** MATERIAL FOR THE TASK follows **
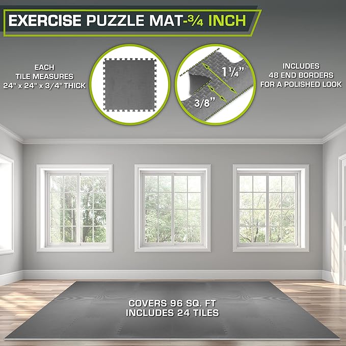 ProsourceFit Extra Thick Puzzle Exercise Mat, EVA Foam Interlocking Tiles for Protective, Cushioned Workout Flooring for Home and Gym Equipment, Grey - 3/4 inch - 96 Sq Ft - 24 Tiles
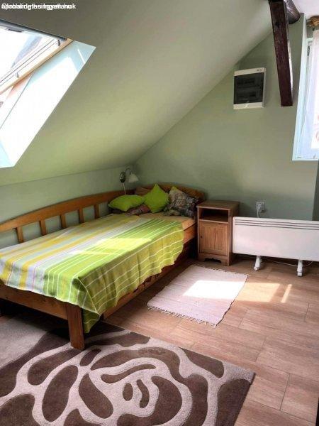 felső szintjének lakása, gyönyörű panorámával. A házhoz tartozó telek 250m2.Az
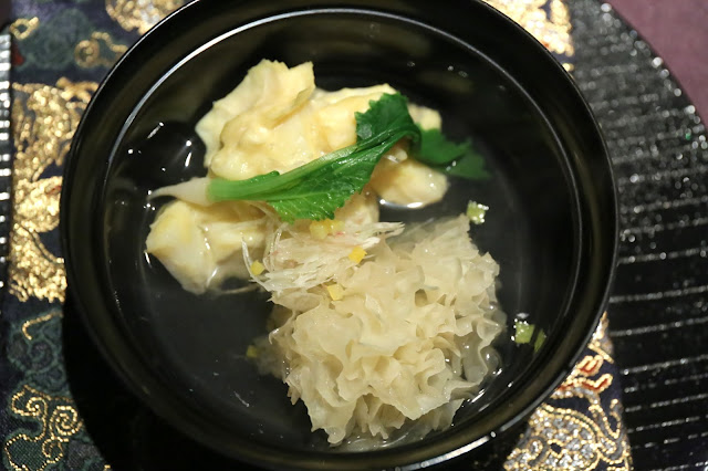 Scallop and yuba dumpling in ichibandashi soup (帆立とゆばの真丈椀) - I always love the light, clear ichibandashi (一番出汁), and I made sure to start with a sip. The dumpling (団子) was made with chunks of scallop along with tofu skin (ゆば) and white fish. Interesting that the chef chose to use the white snow fungus (雪耳). All very clean and delicate flavors.
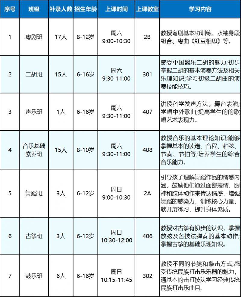 少儿班秋季补招班级汇总表
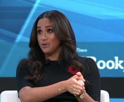 Во время интервью для New York Times Меган была одета во все черное. Ее платье украшал красный мак памяти.
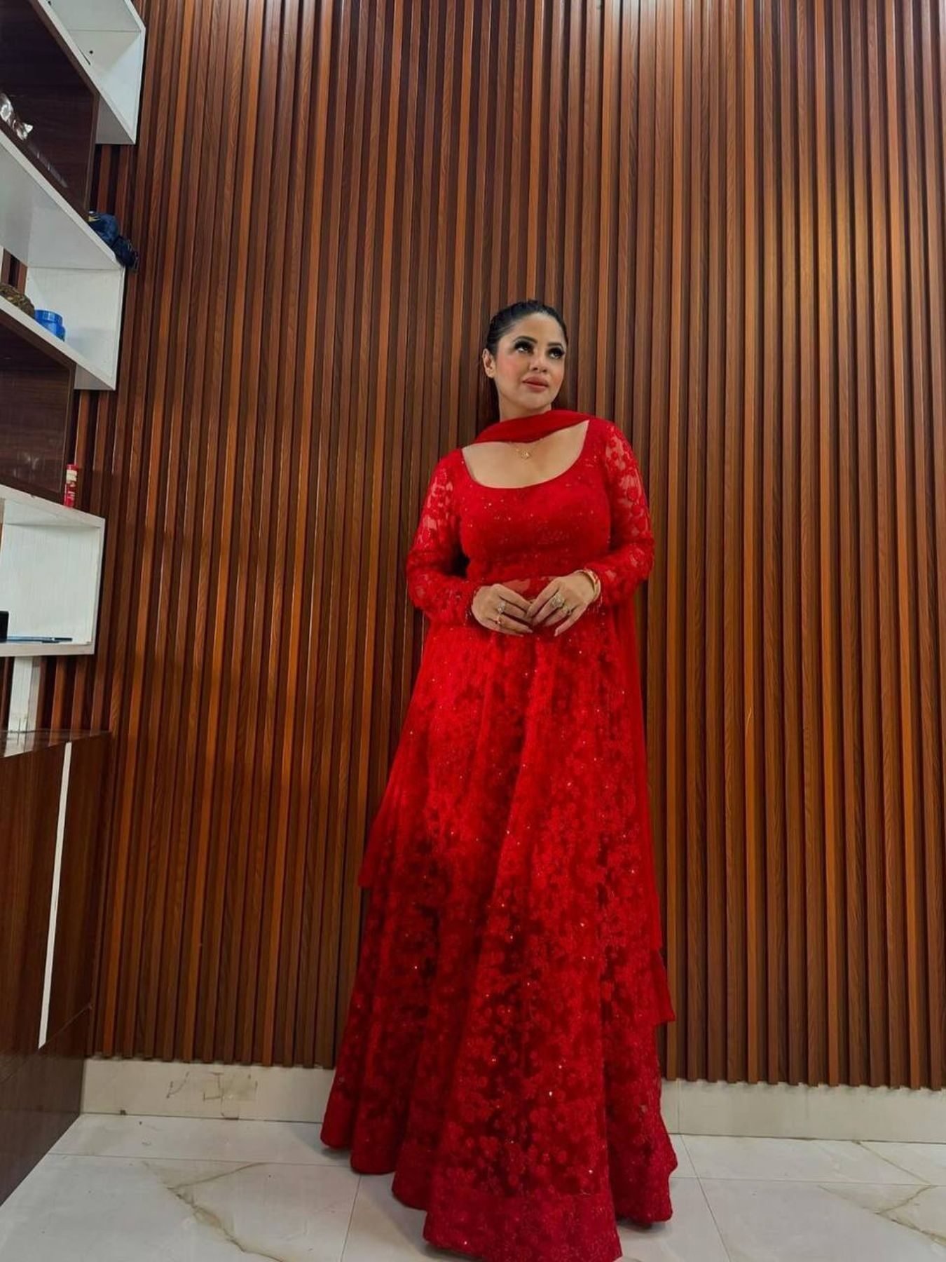Size ChartCherry Red Anarkali Style Net Designer Suit
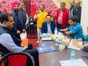 लखनऊ । उत्तर प्रदेश मान्यता प्राप्त संवाददाता समिति (पुनर्गठित) के तत्त्वावधान में एवं लायंस क्लब इंटरनेशनल द्वारा सूचना एवं जनसंपर्क विभाग, उत्तर प्रदेश के आडिटोरियम में आयोजित निशुल्क चिकित्सा जांच शिविर में आज लगभग 148 पत्रकारों का स्वास्थ्य परीक्षण किया गया।
** End of MATERIAL FOR THE TASK **
YOUR OBJECTIVE: What you should return is the exact text of every line from the top of the entries through the line with "Size ChartCherry Red", pictures removed.

RESULT FOR THIS TASK:
 ProsourceFit Extra Thick Puzzle Exercise Mat, EVA Foam Interlocking Tiles for Protective, Cushioned Workout Flooring for Home and Gym Equipment, Grey - 3/4 inch - 96 Sq Ft - 24 Tiles
 felső szintjének lakása, gyönyörű panorámával. A házhoz tartozó telek 250m2.Az
 Scallop and yuba dumpling in ichibandashi soup (帆立とゆばの真丈椀) - I always love the light, clear ichibandashi (一番出汁), and I made sure to start with a sip. The dumpling (団子) was made with chunks of scallop along with tofu skin (ゆば) and white fish. Interesting that the chef chose to use the white snow fungus (雪耳). All very clean and delicate flavors.
 少儿班秋季补招班级汇总表
 Во время интервью для New York Times Меган была одета во все черное. Ее платье украшал красный мак памяти.
Size ChartCherry Red Anarkali Style Net Designer Suit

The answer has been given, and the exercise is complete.